Inverse Trig Question (1 Viewer)

[CubanitaChilena]

Hey this is probably a really easy question, but I haven't found any examples in any of my textbooks on how to do it and we've only brushed really briefly on the inverse functions topic in class. The question is:

Find the exact value of:

sin(sin-1(4/5))

I put the question into my calculator and got 0.8... which could easily be turned into an exact answer, but I'm wondering if there is anymore to the question? Maybe some sort of trig formula is involved?? (we haven't done trig yet... we're heaps behind). I'm under the impression that:

sin-1(4/5) + cos-1(4/5)=π/2 is involved somehow... then again I have no clue. *shrug*

Any help would be appreciated.

Thanks.

 

[lyounamu]

Hey this is probably a really easy question, but I haven't found any examples in any of my textbooks on how to do it and we've only brushed really briefly on the inverse functions topic in class. The question is:

Find the exact value of:

sin(sin-1(4/5))

I put the question into my calculator and got 0.8... which could easily be turned into an exact answer, but I'm wondering if there is anymore to the question? Maybe some sort of trig formula is involved?? (we haven't done trig yet... we're heaps behind). I'm under the impression that:

sin-1(4/5) + cos-1(4/5)=π/2 is involved somehow... then again I have no clue. *shrug*

Any help would be appreciated.

Thanks.

Well, if that's the case, know your range and domain.
Inside the inverse sin, the value must be -1 <_ x <_ 1 (where x is any number)
And the inside the sin, the value must be -pi/2 <_ y <_ pi/2 (where y is any number)

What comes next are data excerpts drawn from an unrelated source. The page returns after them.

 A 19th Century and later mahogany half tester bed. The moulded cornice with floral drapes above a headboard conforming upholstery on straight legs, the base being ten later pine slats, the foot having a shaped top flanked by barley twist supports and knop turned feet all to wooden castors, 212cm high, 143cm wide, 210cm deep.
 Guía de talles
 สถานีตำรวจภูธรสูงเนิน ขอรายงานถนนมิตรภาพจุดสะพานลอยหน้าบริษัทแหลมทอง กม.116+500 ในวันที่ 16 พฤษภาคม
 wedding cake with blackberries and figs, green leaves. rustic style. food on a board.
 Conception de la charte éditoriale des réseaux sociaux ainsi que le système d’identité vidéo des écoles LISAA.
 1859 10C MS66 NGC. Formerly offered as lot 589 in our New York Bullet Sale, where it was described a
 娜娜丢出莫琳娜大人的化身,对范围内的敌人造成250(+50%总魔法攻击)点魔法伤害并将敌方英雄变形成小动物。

And there is nothing to it apart from that as long as the questions satisfies the following requirement

You will use trig formula when you get question like sin-1(4/5) + cos-1(4/5)

 

[CubanitaChilena]

Wait, I just realised 0.8=4/5 *slaps forehead in idiocy*

So 4/5 is the answer then?

So then sin(sin-1(a)) = a ?

How would that extend to:

cos(sin-1(4/5))

tan(cos-1(12-13))

?

 

[Aerath]

Find the exact value of:

sin(sin-1(4/5))

I put the question into my calculator and got 0.8... which could easily be turned into an exact answer, but I'm wondering if there is anymore to the question? Maybe some sort of trig formula is involved?? (we haven't done trig yet... we're heaps behind).

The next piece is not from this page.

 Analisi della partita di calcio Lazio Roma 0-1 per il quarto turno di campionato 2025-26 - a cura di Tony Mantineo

Since you're going forward, and then backwards, you don't need to be careful.
F[F^-1(x)] = all values of x

You only have to be careful if you go the other way around:
F^-1[F(x)] = x, only if x is within the restriction.

 

[lyounamu]

Wait, I just realised 0.8=4/5 *slaps forehead in idiocy*

So 4/5 is the answer then?

So then sin(sin-1(a)) = a ?

How would that extend to:

cos(sin-1(4/5))

tan(cos-1(12-13))

?

Yep.

Well, it depends. (referring to the next question)

As I said, a must be between certain limits. Look my older post.

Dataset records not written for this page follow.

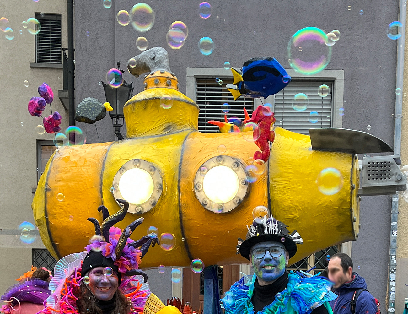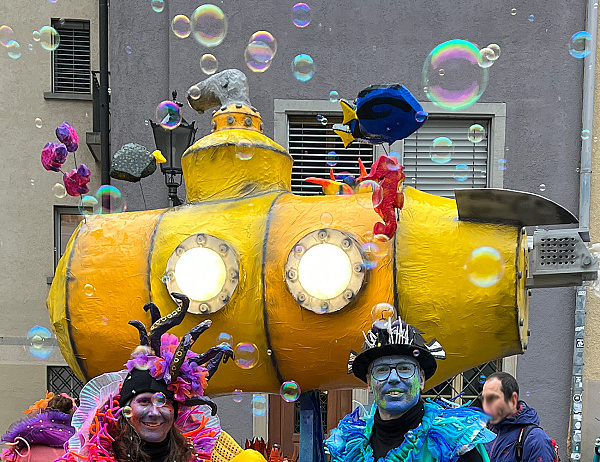 Diese Tage verstauen wir unsere Fasnachtsausrüstung wieder im Keller. Die Schminksachen sind gereinigt, die Kostüme zur allfälligen Wiederverwendung gelagert und der Wagen abgebaut. Der obere Teil unseres Wagens steht übrigens im Schulhaus Daleu. Es freut uns sehr, dass der Kindergarten dem gebastelten U-Boot ein langes Dasein ermöglicht.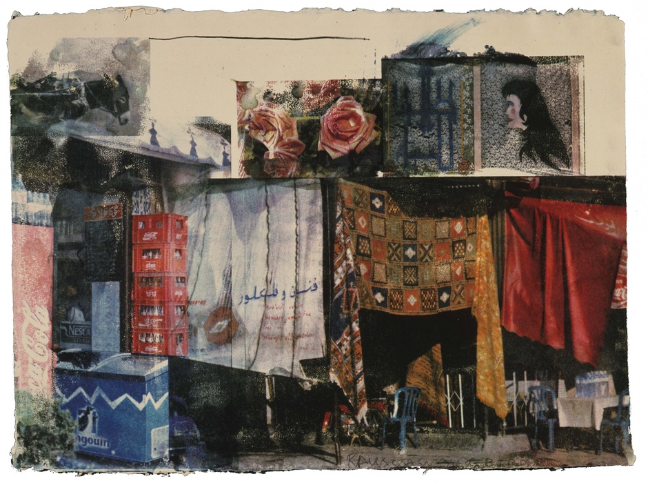 The exhibition on view is only a partial look into the archive—and this reviewer is tempted to say that’s more than enough—but there are genuine stand-out pieces including Ape (1969), a three-color (although it looks all red) lithograph collage of photography, what looks like fabric, and some kind of dial or compass whose disparate images form together to read like a sort of darkly ambiguous rebus of the Kennedy assassination and Rookery Mounds – Steel Arbor (1979) another three-color (this one looks black and white) lithograph collage of images of posts, wires, concrete mound and a car grill to form a sort of sketch of post-Constructivist pictorial space reminiscent of David Hockney’s Polaroid compositions.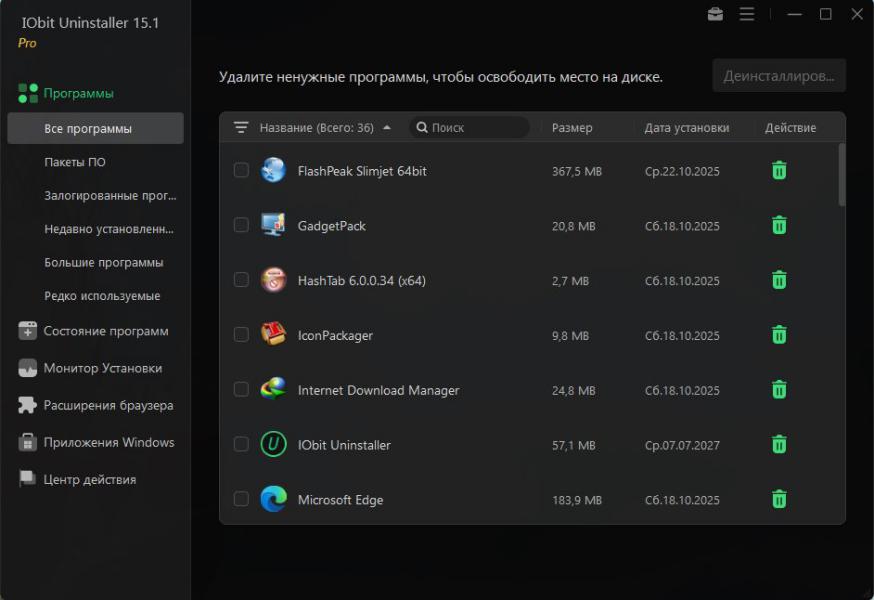 IObit Uninstaller Pro — это мощная и интуитивно понятная утилита, предназначенная для полного удаления нежелательных приложений, панелей инструментов, расширений браузеров и системных компонентов без остаточных следов. Программа обеспечивает высокий уровень очистки благодаря технологиям "Мощное сканирование" и "Принудительное удаление", которые позволяют удалить не только основное приложение, но и скрытые файлы, папки, службы и записи реестра, оставшиеся после стандартной деинсталляции.

cos(sin-1(4/5)) = cos(cos-1(3/5) = 3/5
tan(cos-1(12/13)) = tan(tan-1(5/12) = 5/12

 

[CubanitaChilena]

Okay, that makes sense...

Only, how did you convert sin-1(4/5) to cos-1(3/5)? (the same with cos to tan)

Edit* Nevermind... figured it out (duh *slaps self again*)

Thanks for the help =D

 

[midifile]

Okay, that makes sense...

Only, how did you convert sin-1(4/5) to cos-1(3/5)? (the same with cos to tan)

let x = sin-1(4/5)
therefore sinx = 4/5
then draw a triangle of this and the other side will be 3 (using pythagoris)
using the cos ratio cosx=3/5
therefore x= cos-1(3/5)
so sin-1(4/5) = cos-1(3/5)

The same can be done with cos and tan

 

[conics2008]

Hey buddy regarding your question. you can use a right angel triangle to prove

things involving cos sin and tan.. its helpful.

and see the guy/girl above me thats the correct way on doing these questions. yeah you can also just bash them in your calculator and still get the right answer but the poster above me did the proper working out.